Plots for estimating position errors for each frame (in meters). Green colors indicate the errors of the implemented algorithm, orange is ORB-SLAM2 (Color figure online).

Table 2. Localization accuracy in different simulations. The table shows the duration of the route, it’s length (in simulator units) and the mean absolute percentage error of estimating the ego vehicle location by the base and developed implementation. The last column displays the % change in the localization error of the developed algorithm relative to the base one.
Fig. 5.
figure 5

The trajectory of the car. The ground-truth trajectory is shown in blue, the trajectory predicted by the ORB-SLAM2 algorithm in orange, and the trajectory predicted by developed algorithm in green. The order of the images corresponds to the sequence numbers of the simulations in Table 2.

A side effect of our work is the construction of a semantic map of the environment; after a complete route around of the city, the map of the area looks like Fig. 6. It can be concluded that the algorithm for determining key points basically extracts points from buildings (white color on the map), road markings (purple) and trees (green).

Fig. 6.
figure 6

Semantic map of the city Town10HD in the form of a point cloud, obtained after simulating the movement of a car throughout the city. Different colors indicate urban infrastructure objects belonging to different classes (Color figure online).

6 Conclusion

In this paper, we proposed an algorithm for simultaneous localization and mapping, taking into account semantic information about the objects of the urban environment. The proposed approach excludes potentially dynamic objects from the consideration of the algorithm and improves the matching of key points.
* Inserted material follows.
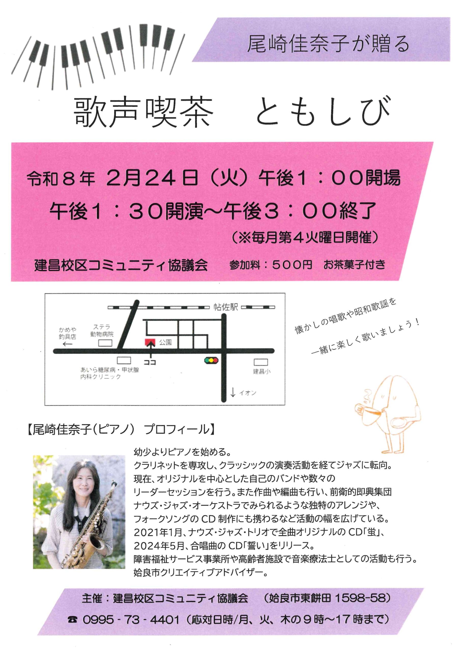 HOME イベント一覧 尾崎佳奈子が贈る 歌声喫茶 ともしび 画像をダブルクリックで拡大画像をダブルタップで拡大 × 2月 24 火 姶良 イベント名 尾崎佳奈子が贈る 歌声喫茶 ともしび 開催日 2026年02月24日(火) 開催時間 13:00開場 13:30開演~15:00終了 開催場所 建昌校区コミュニティ協議会 住所 姶良市東餅田1598-58 料金 500円(茶菓子付) 問い合わせ先 0995-73-4401 (対応日時/月・火・木の9時~17時まで) 尾崎佳奈子が贈る 歌声喫茶ともしび(※毎月第4火曜日開催) 懐かしの唱歌や昭和歌謡を一緒に楽しく歌いましょう。 校区外や自治会未加入の方など、 どなたでもどうぞ! 【主催】建昌校区コミュニティ協議会 生きイキ!マナビフェスタ 藩政時代から続く蒲生町恒例の蒲生市 記事一覧へ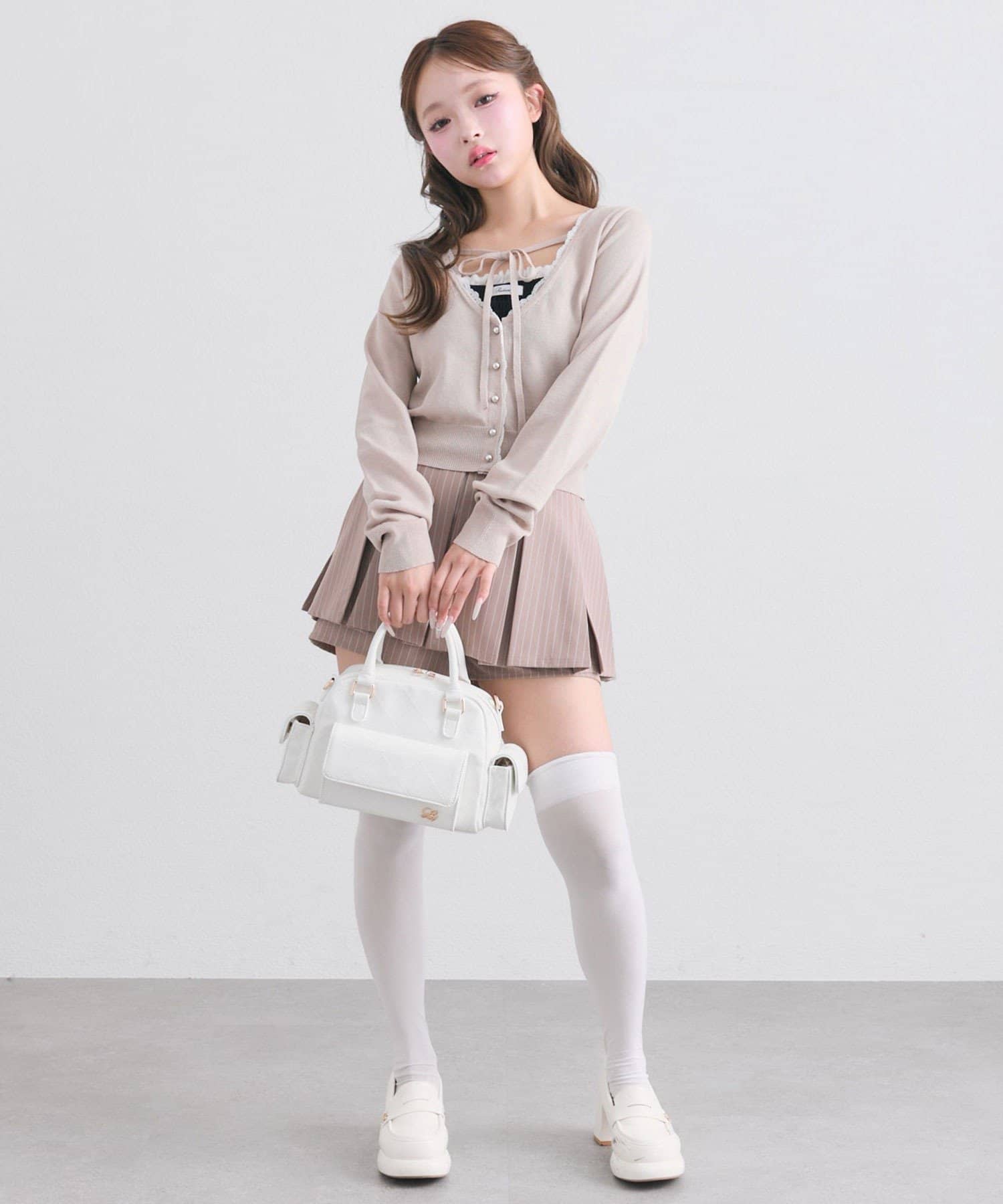 ・ミニスカートを合わせてとことんガーリーにまとめるのがおすすめ。

The developed algorithm has demonstrated a 23% increase in localization accuracy on mean absolute percentage error relative to the basic algorithm, at the same time, it requires more computing resources to apply the segmentation model. The quality of the current segmentation model does not allow to completely eliminate the comparison of key points assigned to different semantic classes, so further development of the algorithm should be aimed at increasing the segmentation accuracy and increasing the number of semantic classes under consideration.